The goal is to transform the data G_val
so that the transformed data have the same distribution as O_val
which is unknown to us. In the CDF-t method, it is implicitly assumed that the evolution of the GCM data distributions from a time period to another would also makes sense for the evolution of the observation distributions (Vrac et al. 2012). It means that there exists a same transformation that turns the distribution of O_cal
into the distribution of O_val
and that turns distribution of G_cal
into the distribution of G_val
. For our example, we apply a linear transformation such that from calibration period to the validation period, the variance of the distribution has been multiplied by 102 and its mean has been multiplied by 10 and then increased by 3. In the toy example, the GCM datasets, G_cal
and G_val
are constructed from a uniform distribution where as the observational datasets, O_cal and O_val, are constructed using a Gaussian distribution.
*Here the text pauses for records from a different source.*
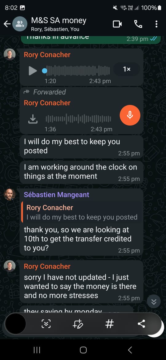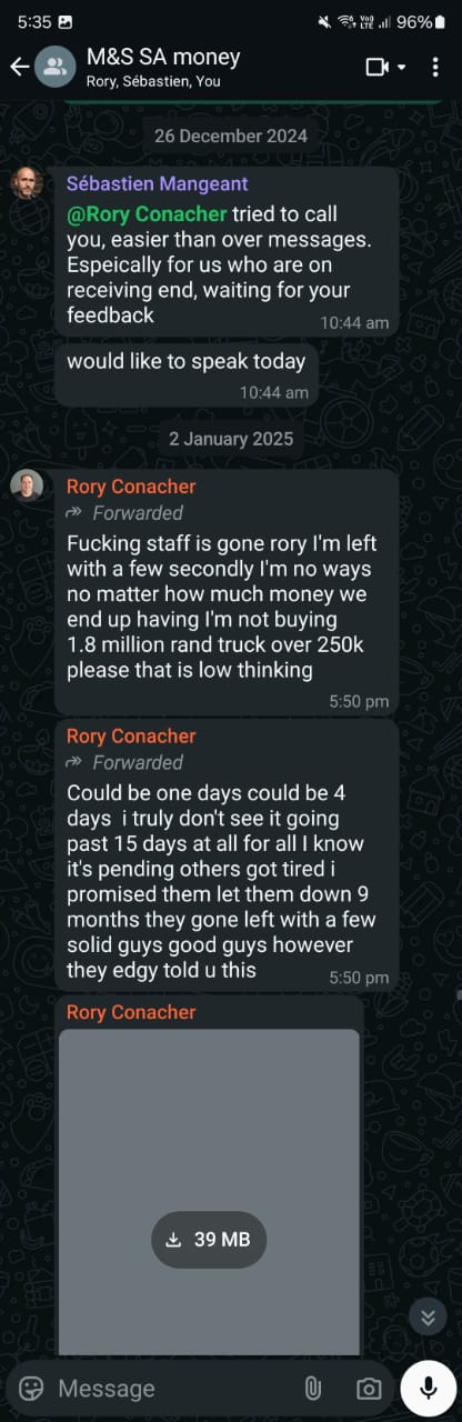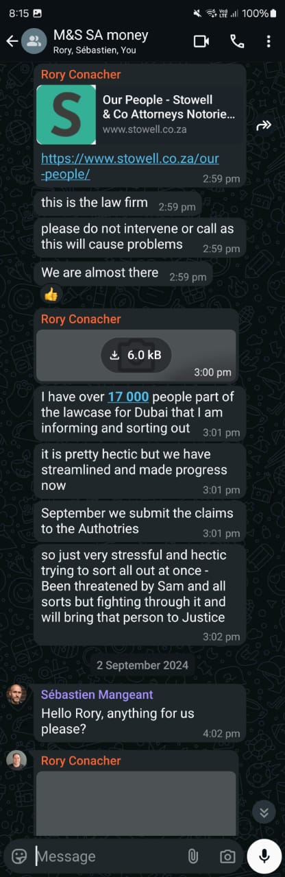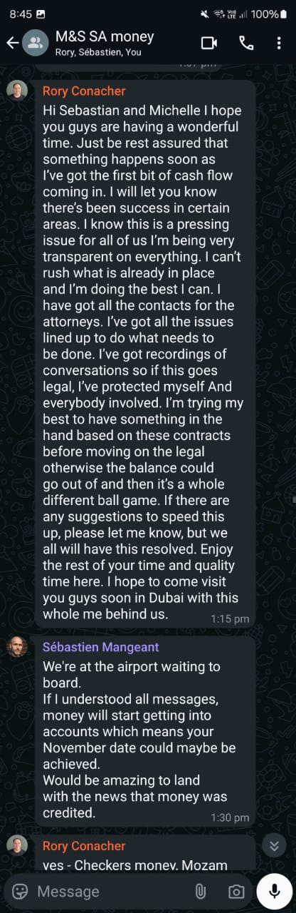 On April 12, 2022, my husband gave Rory a significant amount of money. On April 19, an equally significant amount—representing our UAE savings—was given to Rory. Back in South Africa, I had sold three properties and put all my life savings into a stock account that was performing poorly. I wanted to move the funds, and Sebastien suggested I pass them on to Rory. So on May 11, 2022, we transferred my entire life savings to Rory. At this point, I felt a little uncomfortable, but Sebastien reassured me: I was family, Rory clearly loved me, and if it was a Ponzi scheme, I’d be protected—he’d get me out. Rory was, and still is, adamant that it was never a Ponzi scheme.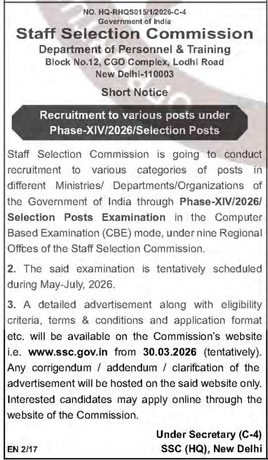 SSC Phase 14 का इंतजार खत्म! Staff Selection Commission (SSC) ने 13 अप्रैल 2026 को Phase-XIV/2026/Selection Posts का आधिकारिक विस्तृत नोटिफिकेशन (Detailed Notification) जारी कर दिया है। इस भर्ती में कुल 3003 पदों पर भर्ती की जाएगी जो 10वीं, 12वीं और ग्रेजुएट — तीनों स्तर के उम्मीदवारों के लिए एक शानदार मौका है।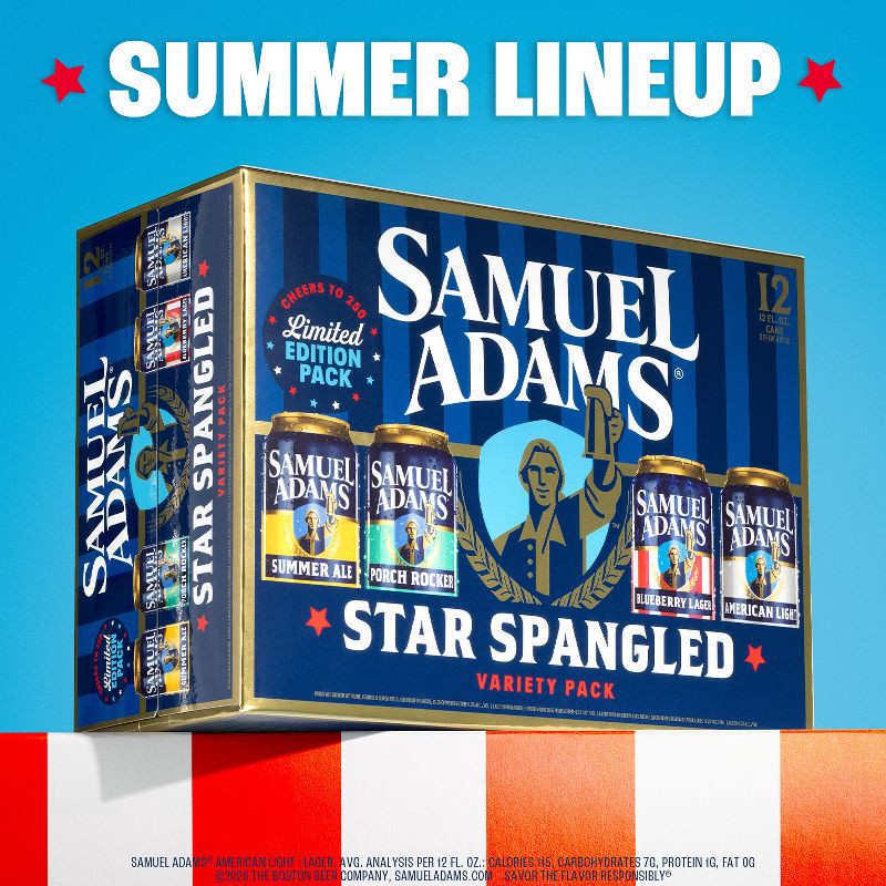 Celebrate America's 250th anniversary with the Samuel Adams Star Spangled Variety Pack — a limited release lineup crafted for summer's biggest moments. This festive mix features four refreshing styles…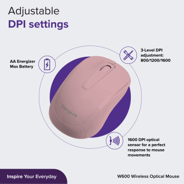 Targus W600 Wireless / Cordless Optical Mouse Compatible - Windows® & Mac® | 2.4 Ghz Wireless Technology | AA Alkaline Battery (AMW600)

set.seed(1) # randon number generator seed for reproducibility
ndat <- 5000
G_cal <- runif(ndat, min = -10, max = 10)
G_val <- runif(ndat, min = -10, max = 10) * 10 + 3
O_cal <- rnorm(ndat, mean = 1, sd = 2)
O_val <- rnorm(ndat, mean = 1, sd = 2) * 10 + 3
# Example of a case where CDF-t is not expected to behave properly:
# ndat <- 5000
# G_cal <- runif(ndat, min = -10, max = 10)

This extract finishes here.